The authors declare no competing interests.

Figures

Extended Data Fig. 1
Extended Data Fig. 1. Self-targeting screen characteristics.
(a) Visualization of library design (library 1) and numbers before and after filtering results. (b) Distribution of edit positions for single base replacement edits in library 1. (c) Distribution of edit positions for insertion edits in library 1. (d) Distribution of edit positions for deletion edits in library 1. (e) Distribution of insertion lengths in library 1. (f) Distribution of deletion lengths in library 1. (g) Distribution of edit types in library 1 (number of design variants and percentage of the total library). (h-i) Editing rates of a test self-targeting locus with a forward (Fw) or reverse (Rv) orientation of the target sequence. Either on plasmid level or integrated by lentiviral transduction in HEK293T cells. Data points for bars (from left) 2,3 and 5,6 correspond to 2 technical replicates (simultaneous transfection of two separate wells). Only one data point was used for the plasmid controls (bar 1 and 4). (h) pegRNA with TAG to TGG edit. (i) pegRNA with TAG to TAC edit.

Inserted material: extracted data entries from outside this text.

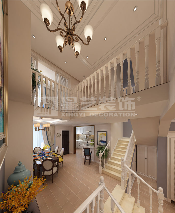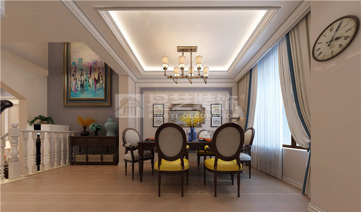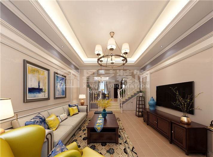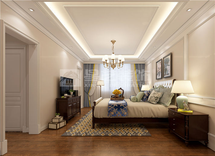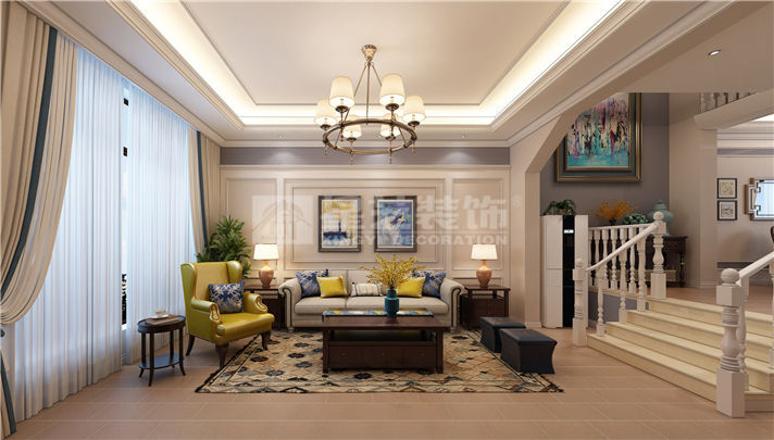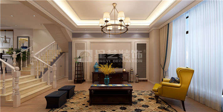 本案在家具和配飾上基本延續了現代美式風格的特點,單純,自然,充滿個性化。家具和配飾是傳統美式的縮小版,但仍然采用實木家具,減少雕花,弧形等裝飾,采用直線,純色,粗狂的風格,更能體現個性化,避免千篇一律的風格。
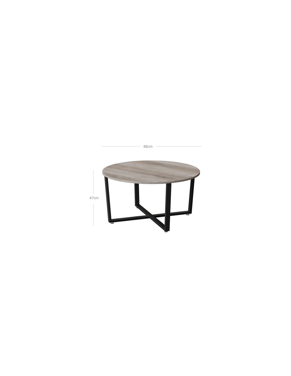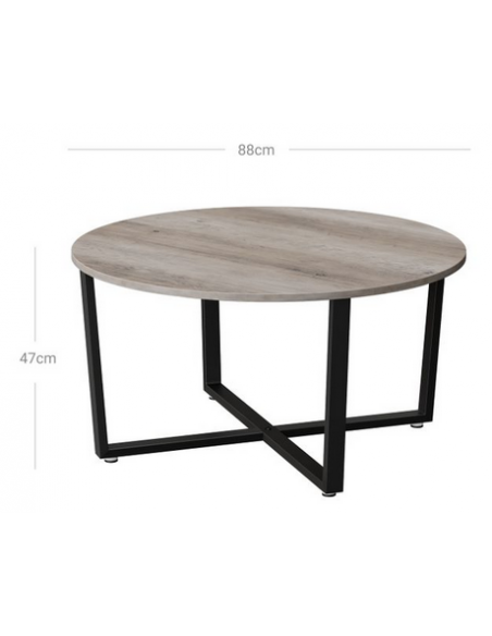 Sofabord udført i et design af sortlakeret metal og grå møbelplade. Sofabordet måler 47 cm i højden og 88 cm i diameter.
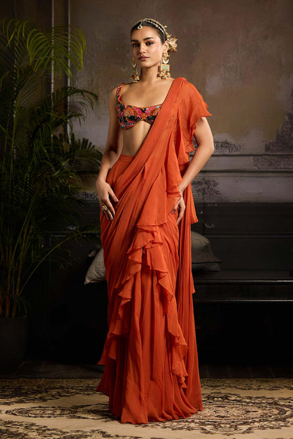 Rust Embellished Blouse with Frill Draped Skirt Saree
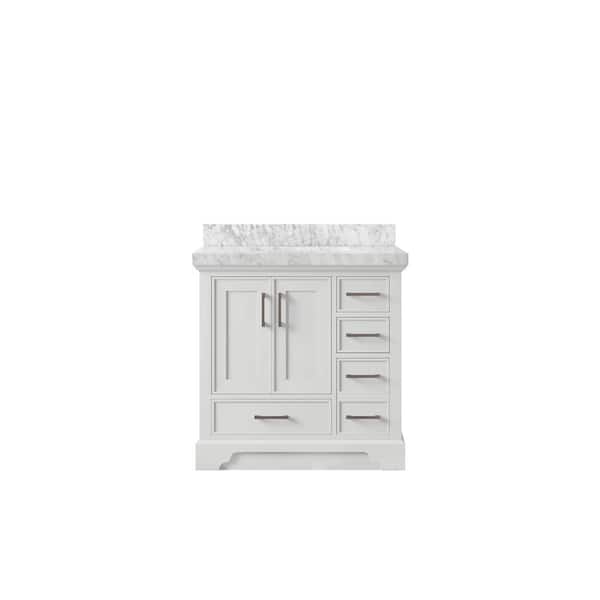 Charlotte 36 in. Single Sink Freestanding White Bath Vanity with Carrara Marble Top
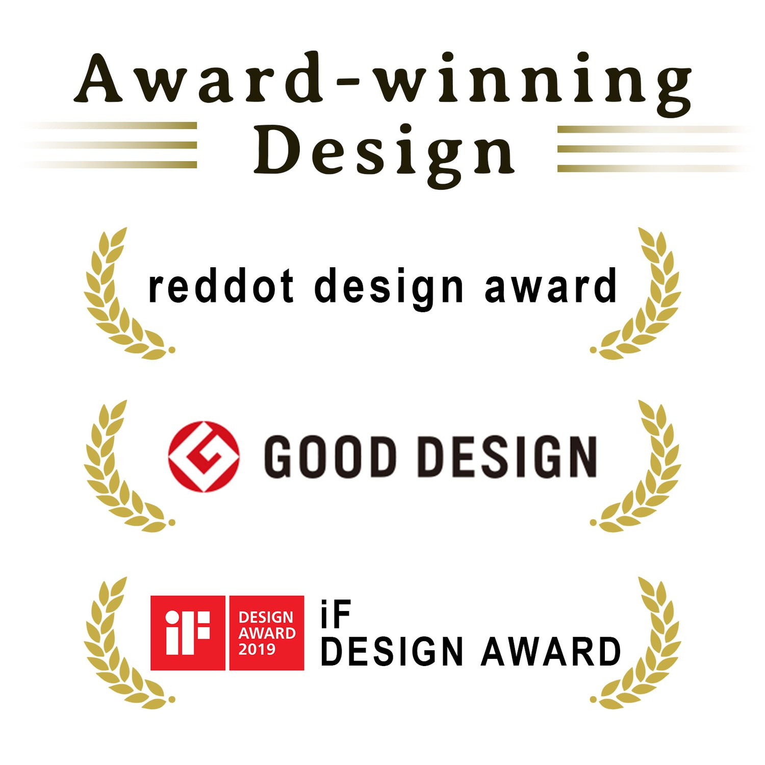 Winner of the Good Design Award (Japan) and the iF Design Award (Germany); also recognized by the Red Dot Award (Germany).
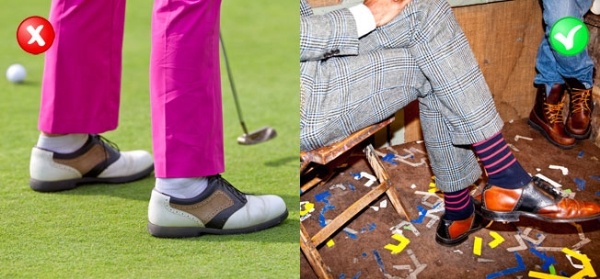 Đàn ông không nên đi tất trắng, trên thực tế nó không phù hợp với hầu hết các trang phục dành cho phái mạnh. Nó sẽ thu hút sự chú ý không cần thiết nếu bạn không kết hợp đúng cách với đôi giày và trang phục. Tất đen chỉ nên đi cùng với quần và giày đen. Không nên đi tất đen với quần kaki/ hoặc giày sáng màu.
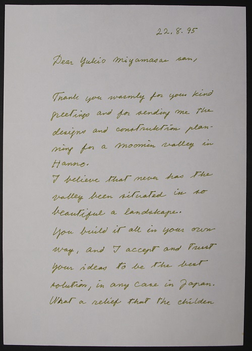 とてもすばらしい風景のもとに、ムーミン谷ができあがるものと確信いたします。(中略)子どもたちがこのムーミン谷で入場料などを払わずに、自由に遊んだり、泳いだり、山登りをしたり、安らいだりできるということに心から安心いたしました!
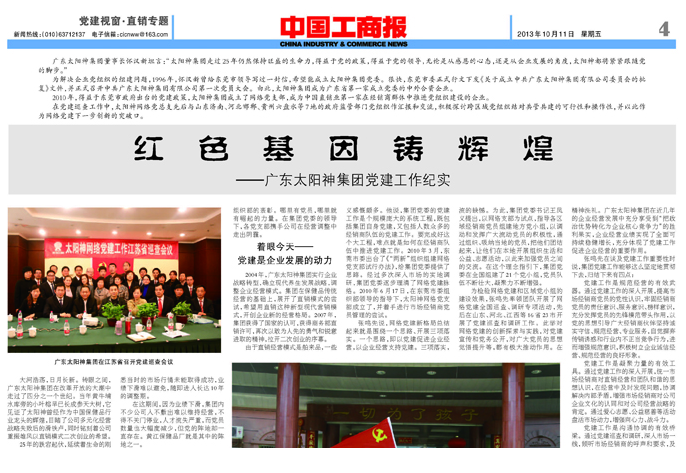 1988年,太阳神集团成立;1993年,临时党支部成立;1996年,太阳神集团党委成立;2010年,太阳神网络党支部成立;2013年,网络党支部升级成为网络党总支;截止2016年底,先后指导成立35个区域市场党小组,基本实现网络党建市场“全覆盖”。

The observed editing in the forward direction in the absence of PE2 could be caused by lentiviral reshuffling or ADAR-mediated A to I (G) RNA editing. The latter could occur during lentiviral packaging in HEK293T cells: HEK293T cells endogenously express ADAR and the target site is present as RNA on the lentiviral vector and targeted by the complementary pegRNA with a mismatch, providing an ideal template for ADAR-dependent RNA editing. The observation that primarily TAG to TGG (but not TAG to TAC) showed background editing is in line with this hypothesis, as previous studies showed ADAR preference for UAG sequences.
Extended Data Fig. 2
Extended Data Fig. 2. Additional validation of the DeepPE model.
(a) Predicted (PRIDICT) and measured intended editing efficiency for GtoC edits at position 5 of RTT in the dataset from this study. Data from all 5 test sets (five-fold cross-validation) were combined for this visualization. n = 540 (b) Evaluation of PRIDICT AttnBiRNN (trained on the dataset from this study) by testing on pegRNAs from Kim et al. 2021 HT dataset (only G to C at Position 5). n = 4,457. (c) Evaluation of DeepPE model (original, trained on Kim et al. 2021 HT dataset) by testing on the dataset from this study (only G to C at Position 5). n = 540. (d,e) SHAP analysis of XGBoost models trained and tested (d) on DeepPE dataset (n = 43,149) or (e) on G-to-C Position 5 edits from library 1. Feature descriptions are listed in Supplementary Table 1. (f) Editing efficiency with different RTT overhang lengths (5, 7, 10, 15 bp) in DeepPE (Kim et al.) dataset. n for each bar (left to right) = 10,746, 10,828, 10,921, 10,654. Error bars = mean +/- SD (g) Editing efficiency with different RTT overhang lengths (3, 7, 10, 15 bp) in GtoC Pos. 5 edits of library 1 for a direct comparison to identical edits in the DeepPE dataset. n for each bar (left to right) = 135, 135, 137, 133. (f,g) Error bars = mean +/- SD (h,i) Evaluation of DeepPE model (n = 18) on 18/45 endogenous edits from this study in HEK293T (h) and K562 (i).
Extended Data Fig. 3
Extended Data Fig. 3. Additional validation of the Easy-Prime PE2 model.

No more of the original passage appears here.